医療費通知とは、「医療費のお知らせ」とか書かれている健康保険組合から
送られてくるものです。

確定申告時期に無料相談会場に従事していると
領収書の代わりに「医療費のお知らせ」という
かかった医療機関と支払額(自己負担と保険負担)が一覧になっているものを
持ってこられている方が何人かいらっしゃいました。
今までは
「これは領収書ではないので 使えないんですよ」といって
お返ししていたのですが
今度からは これが使えるようになります。

いらないと思って「医療費のお知らせは捨ててしまった」

今までは使えなかった「医療費のお知らせ」や、
「医療費通知書兼現金給付決定通知書」など、
確定申告では使わないしと捨ててしまった方もいらっしゃるかもしれません。

慌てなくても大丈夫です。
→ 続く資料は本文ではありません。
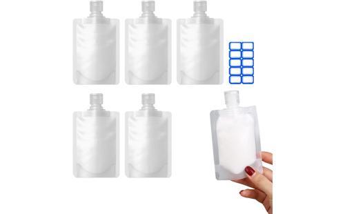 Amazon.co.jp|Mesanda トラベル液体個包装 パウチ容器 袋入り トラベルボトル 詰め替えボトル 小分けボトル 漏れ防止 使い回し 詰め替え容器 クリーム 化粧水 乳液 収納 シャンプーボトル 透明 密封性 5個セット 容量30ml 50ml 100ml 旅行用 出張用 10枚ラベルシール付き (50ml)|旅行用品・旅行小物 通販
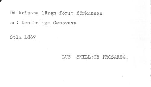 //// Då kristna läran först förkunnas //// se: Den heliga Genoveva //// t //// Stim 1867 //// LUB SKILL:TR PROSAREG. ////

平成31年分まで(平成32年3月15日申告期限)は
従来通り、領収書の添付または提示で医療費控除を受けることができます。
これからはちゃんと残しておくようにしてください。

じゃぁ領収書は捨てていいのかな?

確定申告の際に添付したりしなくてよくなった医療費の領収書。
これはもう捨てちゃってもいいのでしょうか?
捨ててはだめです。

確定申告期限等から5年間、税務署長から求められた場合には
提示または提出が必要ですので
自宅で確定申告書の控えと共に 残しておくようにしてください。

結局、なにが楽になった?

今までは領収書を各医療機関ごとにわけて
集計をしなければいけませんでしたが
明細に合計額がでてくるので集計する手間がはぶけます。

注意すべき点

ただ、やはり医療費の領収書保存は必要だと思います。
健康保険組合などの医療保険者が組合員に発行する医療費通知には
健康保険で受けた診療分しか記載されていないはずです。
(今後変わるのかもですが)

医療通知(医療費のお知らせなど)だけを医療費控除の対象と
していると
医療費通知に記載されないけど
医療費に該当する自費診療などが抜け落ちてしまいます。

また交通費なども領収書の枚数で計算できるところがありましたが
それもしにくくなります。

なのでしばらくは医療費の領収書をメインに
医療通知と突き合わせるということがいいと思います。

 

 

結局、今回の改正は
税務署にとって一番メリットがあります。
・提出された医療費の合計があっているか、領収書を集計しなくてよくなる。

・大量の医療費の領収書を預からなくてすむ
(納税者の自宅に保管されるため)

税務署の事務軽減のために行われた改正だと思っています。